*YOUR ASSIGNMENT:* Required from the data below: the exact lines starting at the line containing "Blue & black" and ending at the line containing "IKEA patja, jossa", with both ends kept and all pictures dropped.

*EXERCISE INPUT:*
____
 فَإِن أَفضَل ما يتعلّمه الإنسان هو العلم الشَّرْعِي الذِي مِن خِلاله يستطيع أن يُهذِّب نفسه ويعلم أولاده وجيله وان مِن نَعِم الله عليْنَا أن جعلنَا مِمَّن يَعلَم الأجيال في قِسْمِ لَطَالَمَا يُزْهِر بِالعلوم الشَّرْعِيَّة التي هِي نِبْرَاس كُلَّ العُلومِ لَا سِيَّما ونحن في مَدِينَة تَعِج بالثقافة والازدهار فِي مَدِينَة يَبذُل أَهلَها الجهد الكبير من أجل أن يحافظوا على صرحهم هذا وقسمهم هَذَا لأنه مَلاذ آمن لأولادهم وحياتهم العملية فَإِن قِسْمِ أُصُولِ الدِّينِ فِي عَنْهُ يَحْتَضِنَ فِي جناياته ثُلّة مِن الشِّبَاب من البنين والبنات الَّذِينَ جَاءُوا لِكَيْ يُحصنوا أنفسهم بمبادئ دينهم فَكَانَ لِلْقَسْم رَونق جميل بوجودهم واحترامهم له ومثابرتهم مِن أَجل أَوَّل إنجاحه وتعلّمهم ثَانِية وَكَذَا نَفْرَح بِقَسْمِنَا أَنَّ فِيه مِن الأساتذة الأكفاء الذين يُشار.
____
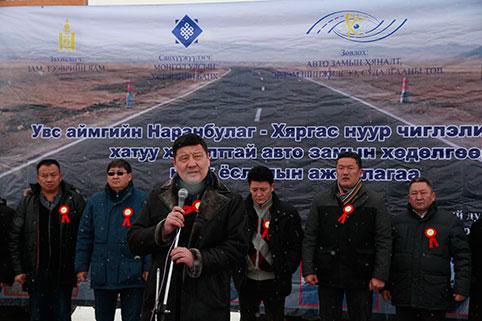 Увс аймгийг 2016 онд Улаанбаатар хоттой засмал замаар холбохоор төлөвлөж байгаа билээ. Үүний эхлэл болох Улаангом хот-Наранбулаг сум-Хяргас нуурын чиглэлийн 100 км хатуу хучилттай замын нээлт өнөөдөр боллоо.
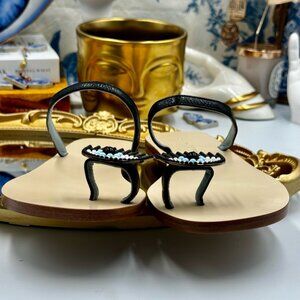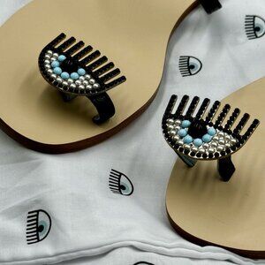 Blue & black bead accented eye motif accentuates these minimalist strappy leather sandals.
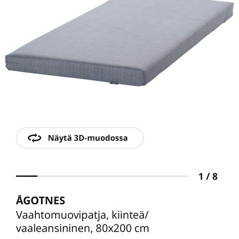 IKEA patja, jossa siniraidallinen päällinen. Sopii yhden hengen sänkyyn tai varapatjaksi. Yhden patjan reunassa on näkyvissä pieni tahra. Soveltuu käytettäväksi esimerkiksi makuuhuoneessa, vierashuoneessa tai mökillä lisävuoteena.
____
*ANSWER BELOW:*
 Blue & black bead accented eye motif accentuates these minimalist strappy leather sandals.
 IKEA patja, jossa siniraidallinen päällinen. Sopii yhden hengen sänkyyn tai varapatjaksi. Yhden patjan reunassa on näkyvissä pieni tahra. Soveltuu käytettäväksi esimerkiksi makuuhuoneessa, vierashuoneessa tai mökillä lisävuoteena.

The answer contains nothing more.